WORK INSTRUCTION =
Every record is to be duplicated exactly as it reads, without its images.

Records drawn from a dataset
....................
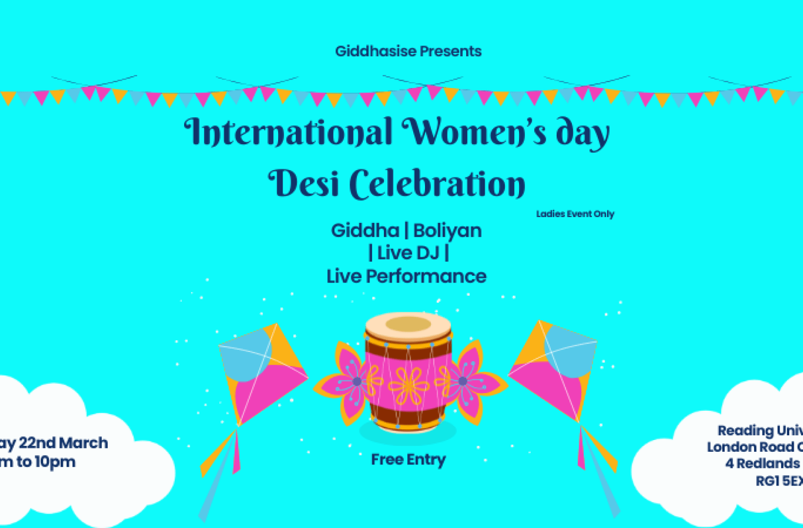 Join us for an unforgettable International Women’s Day Desi Celebration at Reading University, London Road Campus on Saturday 22nd March 2024, from 4 PM to 10 PM!
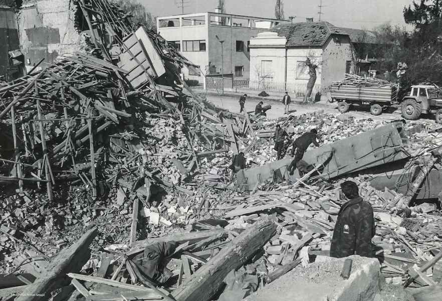 Ruševine Doma omladine u Vinkovcima. Ulica Jurja Dalmatinca.
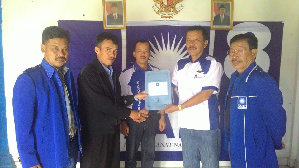 | Zulkarnain Zubairi menyerahkan berkah pencalonan bakal calon Bupati Lampung Barat d DPD PAN Lampung Barat, Kamis (14/4/2016). |
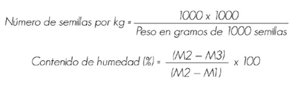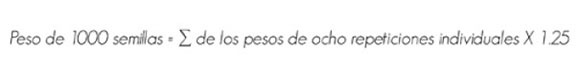 Peso de la semilla. Se tomaron ocho réplicas de 100 semillas; cada una se pesó con una balanza analítica (Presición en mg, marca ScientechTM modelo SA 210). Con estos valores se estimó el peso de 1 000 semillas mediante la siguiente fórmula (ISTA,1993):
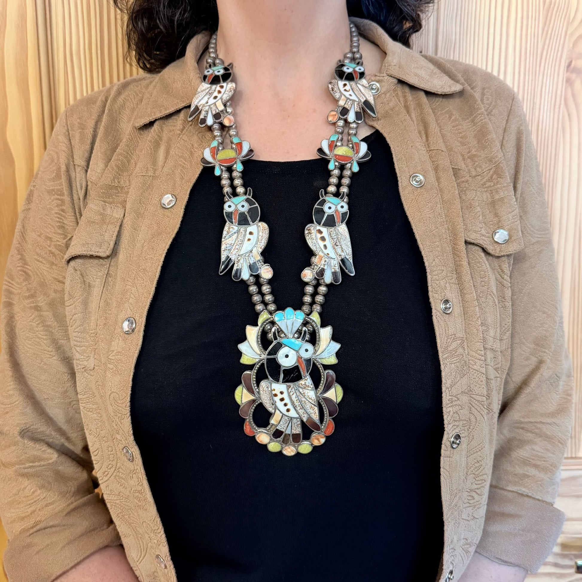 Vintage Native American Silver Bead Multistone Zuni Inlay 5 Owl Necklace
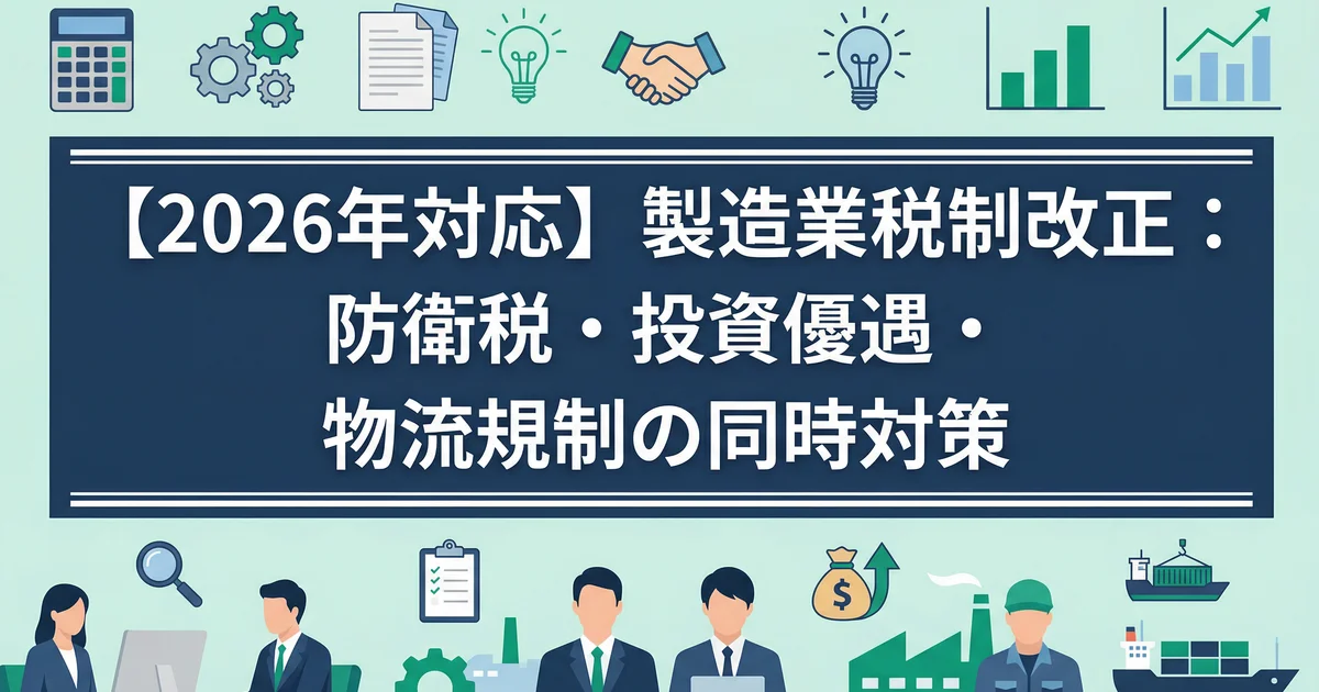2026年の製造業税制改正は「税負担+投資優遇+物流規制」が同時進行です
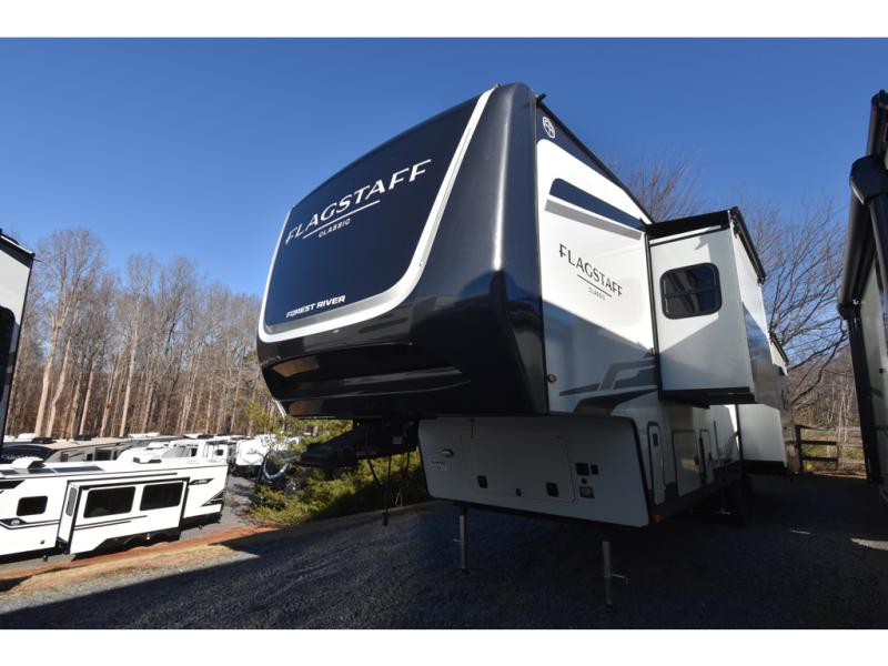 Each one of these Forest River Flagstaff Classic fifth wheels or travel trailers will be your home on wheels! Their quality craftsmanship and attention to detail shines through the enclosed underbelly, the fully laminated walkable roof, and six-sided full-aluminum frame. Towing your unit will be easy with the Goodyear Endurance tires plus RoadTech tire pressure monitoring. Additional exterior features include a 200W solar panel, slam baggage doors, a Key-Alike lock system, and double 30 lb. LP tanks to name a few conveniences. Head inside to find a residential style gas range, solid surface kitchen and bath countertops, soft close hidden cabinet hinges, and more comforts!
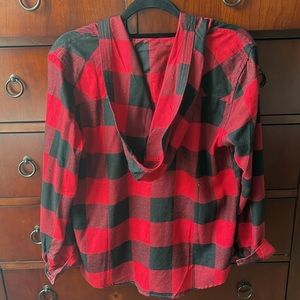 Black and Red Buffalo Plaid Hooded Button Down Oversized Shirt. Never worn. Excellent condition.
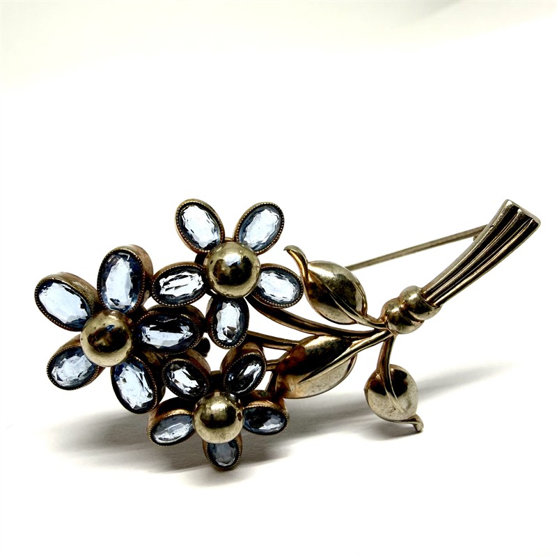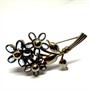 Malebná brož znázornující kytici se třemi květy. Šperk zdobí ocelově modré kameny na místě okvětních lístků. Obecný kov. Rozměry cca 5 x 2,ř cm. Pojistka zapínání. Výborný stav.
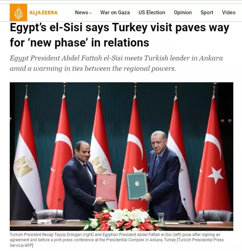 Mısır Cumhurbaşkanı Abdulfettah es-Sisi'nin, kendi ülkesi gibi bölgesel bir güç olan Türkiye ile bağların yeniden inşası için Ankara'ya gittiğini yazan Al Jazeera ziyaretin 12 yıl sonra bir ilk olduğuna dikkat çekti. Sisi'nin "Türkiye ziyaretim ekonomik ve ticari ilişkilerde yeni bir aşamaya öncülük ediyor" açıklamasına dikkat çeken Al Jazeera iki ülke arasında 17 anlaşmanın imzalandığını yazdı.
....................
RESPONSE =
 Join us for an unforgettable International Women’s Day Desi Celebration at Reading University, London Road Campus on Saturday 22nd March 2024, from 4 PM to 10 PM!
 Ruševine Doma omladine u Vinkovcima. Ulica Jurja Dalmatinca.
 | Zulkarnain Zubairi menyerahkan berkah pencalonan bakal calon Bupati Lampung Barat d DPD PAN Lampung Barat, Kamis (14/4/2016). |
 Peso de la semilla. Se tomaron ocho réplicas de 100 semillas; cada una se pesó con una balanza analítica (Presición en mg, marca ScientechTM modelo SA 210). Con estos valores se estimó el peso de 1 000 semillas mediante la siguiente fórmula (ISTA,1993):
 Vintage Native American Silver Bead Multistone Zuni Inlay 5 Owl Necklace
2026年の製造業税制改正は「税負担+投資優遇+物流規制」が同時進行です
 Each one of these Forest River Flagstaff Classic fifth wheels or travel trailers will be your home on wheels! Their quality craftsmanship and attention to detail shines through the enclosed underbelly, the fully laminated walkable roof, and six-sided full-aluminum frame. Towing your unit will be easy with the Goodyear Endurance tires plus RoadTech tire pressure monitoring. Additional exterior features include a 200W solar panel, slam baggage doors, a Key-Alike lock system, and double 30 lb. LP tanks to name a few conveniences. Head inside to find a residential style gas range, solid surface kitchen and bath countertops, soft close hidden cabinet hinges, and more comforts!
 Black and Red Buffalo Plaid Hooded Button Down Oversized Shirt. Never worn. Excellent condition.
 Malebná brož znázornující kytici se třemi květy. Šperk zdobí ocelově modré kameny na místě okvětních lístků. Obecný kov. Rozměry cca 5 x 2,ř cm. Pojistka zapínání. Výborný stav.
 Mısır Cumhurbaşkanı Abdulfettah es-Sisi'nin, kendi ülkesi gibi bölgesel bir güç olan Türkiye ile bağların yeniden inşası için Ankara'ya gittiğini yazan Al Jazeera ziyaretin 12 yıl sonra bir ilk olduğuna dikkat çekti. Sisi'nin "Türkiye ziyaretim ekonomik ve ticari ilişkilerde yeni bir aşamaya öncülük ediyor" açıklamasına dikkat çeken Al Jazeera iki ülke arasında 17 anlaşmanın imzalandığını yazdı.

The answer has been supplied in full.